Figure 3. Biguanide interactions with respiratory complexes II, III and IV

(A) Rates of complex II + III + IV activity in bovine SMPs measured by a coupled enzyme assay [28] in the presence of biguanide concentrations equivalent to IC₅₀ for NADH:decylubiquinone catalysis. Results are means±S.E.M. as a percentage of the biguanide-free control, n=3–4. (B) Rates of respiratory complex activity in the presence of 0.7 mM cycloguanil as a percentage of their respective cycloguanil-free controls. ****P<0.0001.

Figure 4. Biguanide inhibition of F₁F₀-ATP synthase in bovine SMPs

(A) Inhibition of ATP hydrolysis by SMPs (colours as in B). Data points are means±S.E.M., n=3–5, and IC₅₀ values are indicated in mM. (B) Relationship between the IC₅₀ values for ATP hydrolysis and the log D values. IC₅₀ values are in mM with 95% confidence intervals; log D values are means±S.E.M., n=3. Linear fit with R²=0.948. (C) Relative inhibition of ATP production in SMPs in the presence of piericidin A (○) or metformin (●). ATP synthesis was driven using 200 μM NADH; NADH oxidation was measured spectroscopically, and the concentration of ATP determined after 3.5 min (during this time a linear rate is observed). NADH oxidation rates were adjusted using 0–50 nM piericidin A or 0–250 mM metformin, with the ionic strength kept constant at 250 mM using NaCl. (D–F) Dose-dependent effects of biguanides on succinate-driven ATP production. Data points are means±S.E.M., n=3, as a percentage of ATP production in the absence of biguanide. ATP concentrations were determined after 3.5 min (○) then corrected for the rate of succinate oxidation, detected spectroscopically using a coupled assay system [28] (●). The IC₅₀ values for hydrolysis are marked with vertical lines.

Figure 5. Selective uptake of biguanides into mitochondria

(A) Effects of biguanides on the rotenone-sensitive OCR of Hep G2 cells.
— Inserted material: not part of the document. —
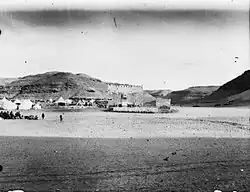An Ottoman fort in Saudi Arabia, adjacent to Bedouin encampments, 1907.

The traces are the means±S.D. of multiple traces. The biguanide concentrations are equal to the complex I IC₅₀/10 values. Purple, 1.9 mM metformin; green, 0.04 mM phenformin; orange, 0.07 mM cycloguanil added in DMSO; red, 0.007 mM proguanil in DMSO; black, control (no biguanide); cyan, control (DMSO). (B) The effects of biguanides on the ECAR of Hep G2 cells. Conditions and colours as in (A). (C) Mitochondrial respiratory coupling test on 143B cells permeabilized with 2 nM PMP, respiring on pyruvate and malate and using biguanides at concentrations equal to their complex I IC₅₀/10 values. Black, control; purple, 2 mM metformin; orange, 0.07 mM cycloguanil; red, 0.007 mM proguanil. Data points are means±S.E.M., n=5–6. (D) Rates of rotenone-sensitive ADP-stimulated NADH-linked respiration in permeabilized 143B cells (light grey) and rat liver mitochondria (dark grey) after 15 min of incubation with 2 mM metformin (Met.), 0.07 mM cycloguanil (Cyclo.) or 0.007 mM proguanil (Pro.). Values are mean percentage of the control±S.E.M., n=5–6. ****P< 0.01. Cont. control.
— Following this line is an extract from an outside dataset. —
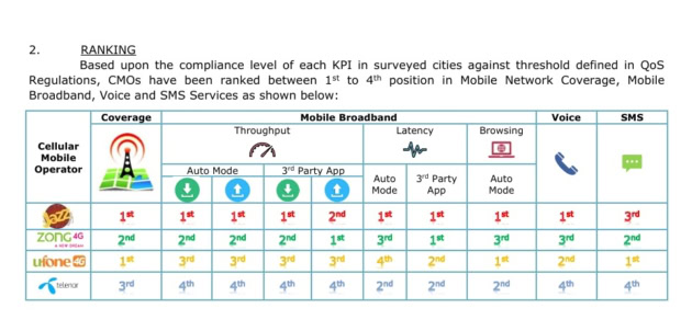 Jazz and Ufone jointly ranked first, followed by Zong and then Telenor.

Figure 6. Biguanide effects on cells in culture: accumulation and reversibility

(A) The normalized rotenone-sensitive OCR 6 h after the addition of metformin or phenformin to Hep G2 (black) or 143B (grey) cells. Results are means±S.E.M., n=3–4. The IC₅₀ values (with 95% confidence intervals) are metformin, 240±10 μM (143B) and 330±20 μM (Hep G2); phenformin, 3.9±1.0 μM (143B) and 3.8±0.4 μM (Hep G2). (B) Metformin inhibition of the OCR by Hep G2 cells. Results are means of multiple traces±S.E.M., n=3–4. Rotenone (200 nM) was added to half of the samples part way through the experiment; pairs of traces with and without rotenone are coloured the same. Then, the assay medium in each experiment was exchanged for a metformin and rotenone-free medium. All data were measured using a Seahorse Extracellular Flux Analyzer at 37°C.